# What the task requires
Transcribe all of the data exactly. Omit the pictures.

# Provided data
□ □ □

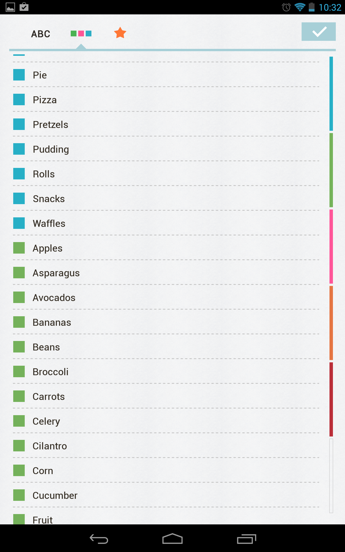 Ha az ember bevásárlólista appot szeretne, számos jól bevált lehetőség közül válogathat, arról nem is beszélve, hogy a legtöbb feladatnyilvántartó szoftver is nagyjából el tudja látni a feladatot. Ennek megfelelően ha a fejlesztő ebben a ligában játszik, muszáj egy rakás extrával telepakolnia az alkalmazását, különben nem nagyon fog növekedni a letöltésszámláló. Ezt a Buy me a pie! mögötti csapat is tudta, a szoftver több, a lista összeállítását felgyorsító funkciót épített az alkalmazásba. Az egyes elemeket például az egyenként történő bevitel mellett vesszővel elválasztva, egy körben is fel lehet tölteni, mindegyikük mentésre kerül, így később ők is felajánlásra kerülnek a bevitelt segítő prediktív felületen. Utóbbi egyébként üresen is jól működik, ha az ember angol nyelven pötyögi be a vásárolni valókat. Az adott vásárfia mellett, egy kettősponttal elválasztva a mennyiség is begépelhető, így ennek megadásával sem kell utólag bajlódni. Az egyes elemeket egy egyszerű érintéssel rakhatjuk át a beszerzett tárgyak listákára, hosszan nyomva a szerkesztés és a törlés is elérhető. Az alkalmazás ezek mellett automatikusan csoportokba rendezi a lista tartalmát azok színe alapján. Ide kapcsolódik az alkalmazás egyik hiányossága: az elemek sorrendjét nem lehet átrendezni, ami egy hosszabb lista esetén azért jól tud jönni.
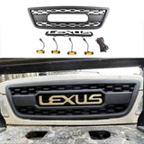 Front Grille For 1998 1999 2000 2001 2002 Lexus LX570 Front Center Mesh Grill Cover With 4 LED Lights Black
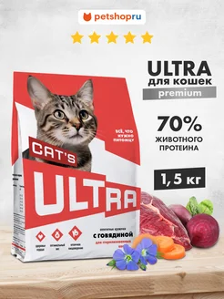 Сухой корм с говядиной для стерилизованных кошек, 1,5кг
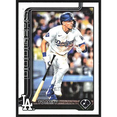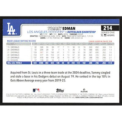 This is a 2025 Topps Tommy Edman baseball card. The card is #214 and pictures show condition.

□ □ □

# Answer to this task
 Ha az ember bevásárlólista appot szeretne, számos jól bevált lehetőség közül válogathat, arról nem is beszélve, hogy a legtöbb feladatnyilvántartó szoftver is nagyjából el tudja látni a feladatot. Ennek megfelelően ha a fejlesztő ebben a ligában játszik, muszáj egy rakás extrával telepakolnia az alkalmazását, különben nem nagyon fog növekedni a letöltésszámláló. Ezt a Buy me a pie! mögötti csapat is tudta, a szoftver több, a lista összeállítását felgyorsító funkciót épített az alkalmazásba. Az egyes elemeket például az egyenként történő bevitel mellett vesszővel elválasztva, egy körben is fel lehet tölteni, mindegyikük mentésre kerül, így később ők is felajánlásra kerülnek a bevitelt segítő prediktív felületen. Utóbbi egyébként üresen is jól működik, ha az ember angol nyelven pötyögi be a vásárolni valókat. Az adott vásárfia mellett, egy kettősponttal elválasztva a mennyiség is begépelhető, így ennek megadásával sem kell utólag bajlódni. Az egyes elemeket egy egyszerű érintéssel rakhatjuk át a beszerzett tárgyak listákára, hosszan nyomva a szerkesztés és a törlés is elérhető. Az alkalmazás ezek mellett automatikusan csoportokba rendezi a lista tartalmát azok színe alapján. Ide kapcsolódik az alkalmazás egyik hiányossága: az elemek sorrendjét nem lehet átrendezni, ami egy hosszabb lista esetén azért jól tud jönni.
 Front Grille For 1998 1999 2000 2001 2002 Lexus LX570 Front Center Mesh Grill Cover With 4 LED Lights Black
 Сухой корм с говядиной для стерилизованных кошек, 1,5кг
 This is a 2025 Topps Tommy Edman baseball card. The card is #214 and pictures show condition.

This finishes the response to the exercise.